**Exercise requirements:** In the entries below, find the line with "公司党建创新发展中心党员志愿服务站的员工党员热情为运动员服务" and the line with "Anyway, Yucca glauca". Repeat exactly everything between them, those two lines included, but not the pictures.

**Data supplied:**
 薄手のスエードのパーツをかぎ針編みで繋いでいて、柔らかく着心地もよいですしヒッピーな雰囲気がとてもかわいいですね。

* * *

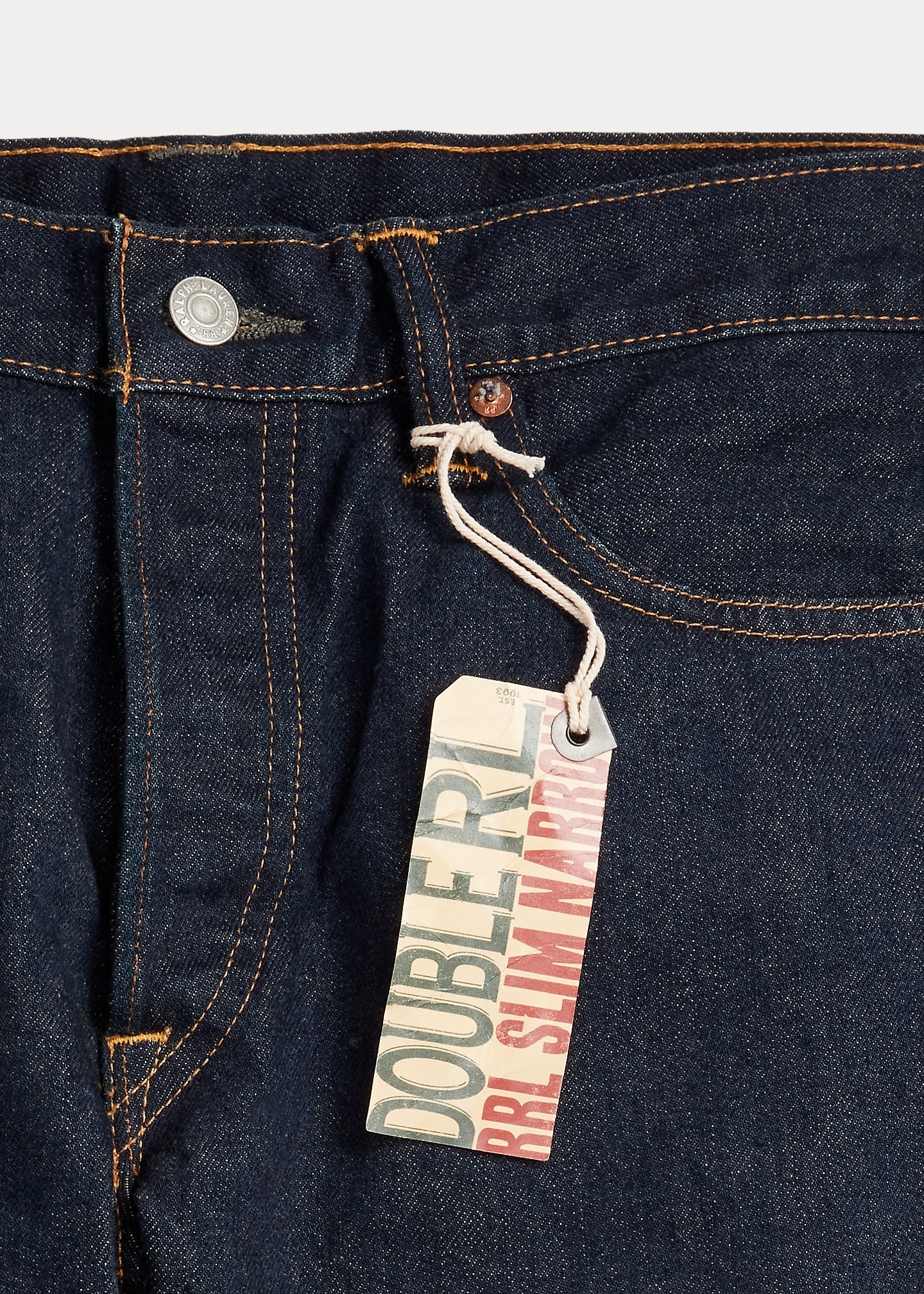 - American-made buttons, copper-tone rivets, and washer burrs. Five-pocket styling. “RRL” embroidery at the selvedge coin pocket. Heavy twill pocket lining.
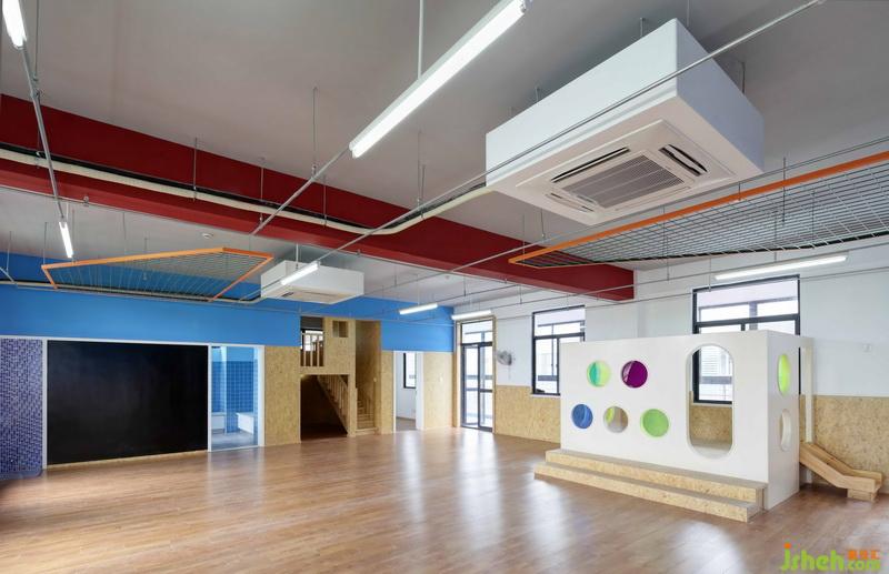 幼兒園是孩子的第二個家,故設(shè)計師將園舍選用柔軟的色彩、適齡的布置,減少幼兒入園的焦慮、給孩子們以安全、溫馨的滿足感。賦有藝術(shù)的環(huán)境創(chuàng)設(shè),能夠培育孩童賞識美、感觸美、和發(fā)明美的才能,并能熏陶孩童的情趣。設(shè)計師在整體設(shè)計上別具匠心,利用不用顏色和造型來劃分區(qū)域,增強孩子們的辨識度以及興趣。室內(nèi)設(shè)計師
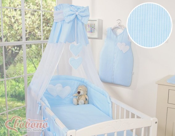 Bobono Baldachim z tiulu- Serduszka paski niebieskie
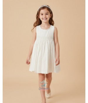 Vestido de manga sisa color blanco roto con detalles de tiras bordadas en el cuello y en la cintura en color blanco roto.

---

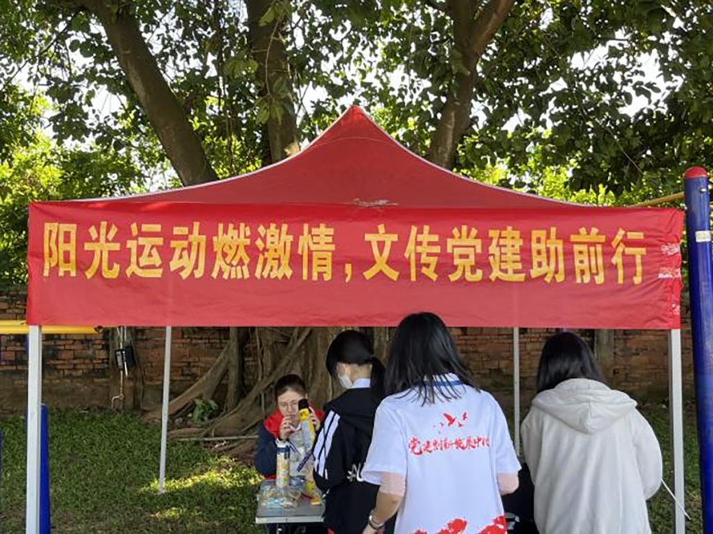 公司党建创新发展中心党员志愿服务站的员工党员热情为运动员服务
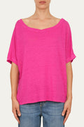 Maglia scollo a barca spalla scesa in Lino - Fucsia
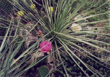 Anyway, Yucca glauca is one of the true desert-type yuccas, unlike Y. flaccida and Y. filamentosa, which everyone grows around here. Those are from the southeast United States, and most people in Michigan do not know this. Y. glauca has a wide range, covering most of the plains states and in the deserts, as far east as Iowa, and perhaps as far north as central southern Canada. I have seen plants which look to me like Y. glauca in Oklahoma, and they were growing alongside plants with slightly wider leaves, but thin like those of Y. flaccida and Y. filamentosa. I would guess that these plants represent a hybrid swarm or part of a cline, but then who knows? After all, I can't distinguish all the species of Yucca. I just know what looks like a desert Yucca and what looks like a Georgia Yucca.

**Solution for this exercise:**
 公司党建创新发展中心党员志愿服务站的员工党员热情为运动员服务
 Maglia scollo a barca spalla scesa in Lino - Fucsia
 Anyway, Yucca glauca is one of the true desert-type yuccas, unlike Y. flaccida and Y. filamentosa, which everyone grows around here. Those are from the southeast United States, and most people in Michigan do not know this. Y. glauca has a wide range, covering most of the plains states and in the deserts, as far east as Iowa, and perhaps as far north as central southern Canada. I have seen plants which look to me like Y. glauca in Oklahoma, and they were growing alongside plants with slightly wider leaves, but thin like those of Y. flaccida and Y. filamentosa. I would guess that these plants represent a hybrid swarm or part of a cline, but then who knows? After all, I can't distinguish all the species of Yucca. I just know what looks like a desert Yucca and what looks like a Georgia Yucca.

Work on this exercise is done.